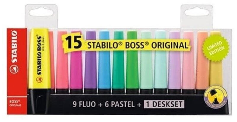 SZÖVEGKIEMELŐ KÉSZLET 2-5MM, VÁGOTT HEGYŰ STABILO BOSS ORIGINAL, 15 KLF. SZÍN Vízbázisú tinta. Kétféle (2-5 mm) vastagságú vonalat húz. Kiszáradás elleni technológiájánakköszönhetően akár 4 órán át sem szárad ki kupak nélkül. Tinta színével megegyező tolltest. Katalóguskód: 42410
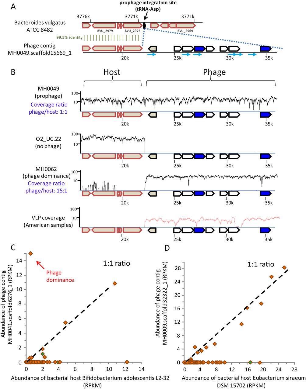 Lysogenic lifestyles of gut microbiota phages. (A) The 5′ end of phage contig MH0049.scaffold15669_1, which was assembled in sample MH0049 (Danish individual), has a 99.5% identity in the sequenced genome of Bacteroides vulgatus ATCC 8482. (Block arrows) Genes; (cyan-colored arrows) spacers matching the phage contig. (B) Coverage of phage contig MH0049.scaffold15669_1 by MetaHIT metagenomic reads from three samples. (X-axis) Position on phage contig; (y-axis) read coverage (log scale). (Red curve) Coverage of VLP reads from Reyes et al. (2010). (C,D) Abundance of phages MH0041.scaffold6276_1 and MH0009.scaffold32322_1 and their respective bacterial hosts in MetaHIT samples, indicative of lysogeny as a preferred lifestyle. The x- and y-axes represent abundance of host and phage, respectively. Each data point represents a European individual sampled as part of the MetaHIT gut microbiota project (Qin et al. 2010). Green-colored samples are the ones in which a spacer matched the phage sequence. “Phage dominance” indicates samples where the phage is suspected to have become active. The correlation coefficient of phage and host abundances for samples where both existed is 0.4 and 0.98, respectively.
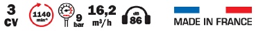 Air restitué à 260 L/min, soit 15,6 m3/h.
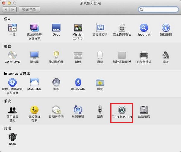 - 從下方Dock列進入系統偏好設定 → Time Machine
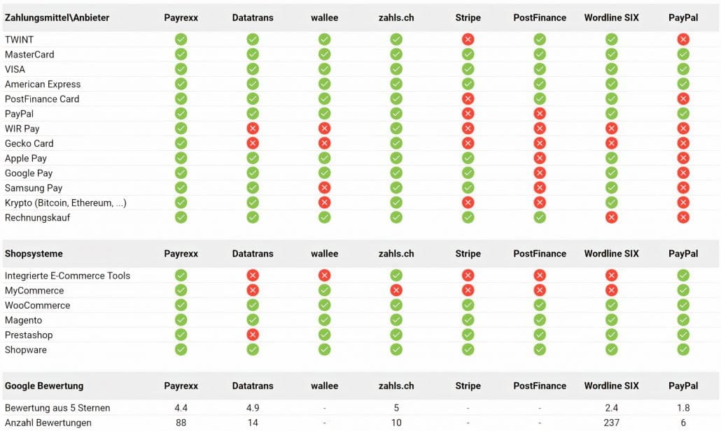 Datatrans, PayPal, Payrexx, PostFinance, Stripe, wallee 1, wallee 2, Worldline, zahls.ch.
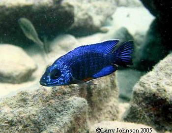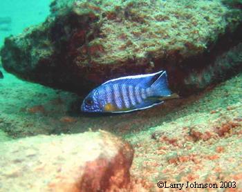 Eventually we returned to the west side of the lake (Malawi) and proceeded to dive daily and then camp overnight in a northerly direction. We dove at a new reef called Chitimba Bay "deep". Here we found a new Tropheop sp. variant. The males and females, as well as young fry, were brilliant yellow. A relatively new Aulonocara was not to shy of having his picture taken.
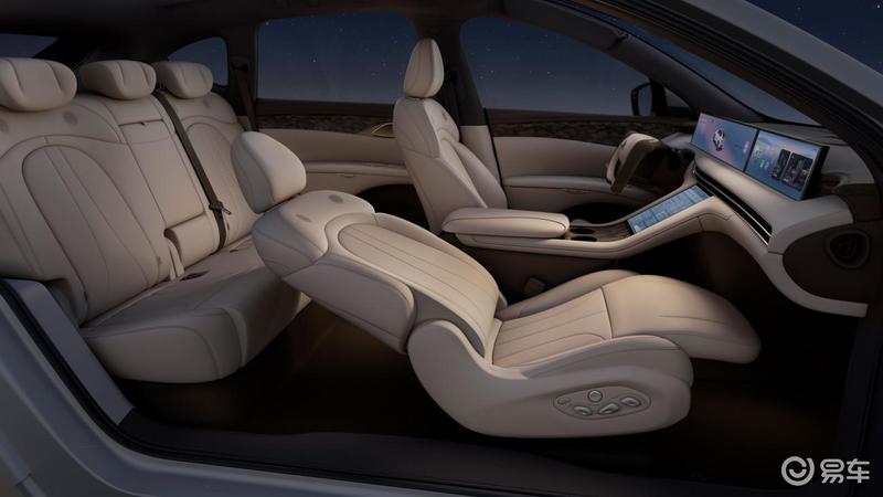 造型方面,新车延续了家族化设计语言,提供雅典娜白、拉斐尔茶、伦勃朗灰、阿瑞斯黑四款车身颜色供选择。空间方面是新车一大看点,超3米轴距使其拥有90.4%的得房率,后排更是拥有超1米的头部与腿部空间,膝部距离达到190mm。此外,新车还拥有四大座椅模式,包含副驾零重力模式、前排双贵妃椅模式、“大床房”以及“超级大床房”模式,大幅提升驾乘舒适性。

Instructions to follow: Please give the records above again exactly as they stand, with no pictures.

Response to the exercise:
 SZÖVEGKIEMELŐ KÉSZLET 2-5MM, VÁGOTT HEGYŰ STABILO BOSS ORIGINAL, 15 KLF. SZÍN Vízbázisú tinta. Kétféle (2-5 mm) vastagságú vonalat húz. Kiszáradás elleni technológiájánakköszönhetően akár 4 órán át sem szárad ki kupak nélkül. Tinta színével megegyező tolltest. Katalóguskód: 42410
 Lysogenic lifestyles of gut microbiota phages. (A) The 5′ end of phage contig MH0049.scaffold15669_1, which was assembled in sample MH0049 (Danish individual), has a 99.5% identity in the sequenced genome of Bacteroides vulgatus ATCC 8482. (Block arrows) Genes; (cyan-colored arrows) spacers matching the phage contig. (B) Coverage of phage contig MH0049.scaffold15669_1 by MetaHIT metagenomic reads from three samples. (X-axis) Position on phage contig; (y-axis) read coverage (log scale). (Red curve) Coverage of VLP reads from Reyes et al. (2010). (C,D) Abundance of phages MH0041.scaffold6276_1 and MH0009.scaffold32322_1 and their respective bacterial hosts in MetaHIT samples, indicative of lysogeny as a preferred lifestyle. The x- and y-axes represent abundance of host and phage, respectively. Each data point represents a European individual sampled as part of the MetaHIT gut microbiota project (Qin et al. 2010). Green-colored samples are the ones in which a spacer matched the phage sequence. “Phage dominance” indicates samples where the phage is suspected to have become active. The correlation coefficient of phage and host abundances for samples where both existed is 0.4 and 0.98, respectively.
 Air restitué à 260 L/min, soit 15,6 m3/h.
 - 從下方Dock列進入系統偏好設定 → Time Machine
 Datatrans, PayPal, Payrexx, PostFinance, Stripe, wallee 1, wallee 2, Worldline, zahls.ch.
 Eventually we returned to the west side of the lake (Malawi) and proceeded to dive daily and then camp overnight in a northerly direction. We dove at a new reef called Chitimba Bay "deep". Here we found a new Tropheop sp. variant. The males and females, as well as young fry, were brilliant yellow. A relatively new Aulonocara was not to shy of having his picture taken.
 造型方面,新车延续了家族化设计语言,提供雅典娜白、拉斐尔茶、伦勃朗灰、阿瑞斯黑四款车身颜色供选择。空间方面是新车一大看点,超3米轴距使其拥有90.4%的得房率,后排更是拥有超1米的头部与腿部空间,膝部距离达到190mm。此外,新车还拥有四大座椅模式,包含副驾零重力模式、前排双贵妃椅模式、“大床房”以及“超级大床房”模式,大幅提升驾乘舒适性。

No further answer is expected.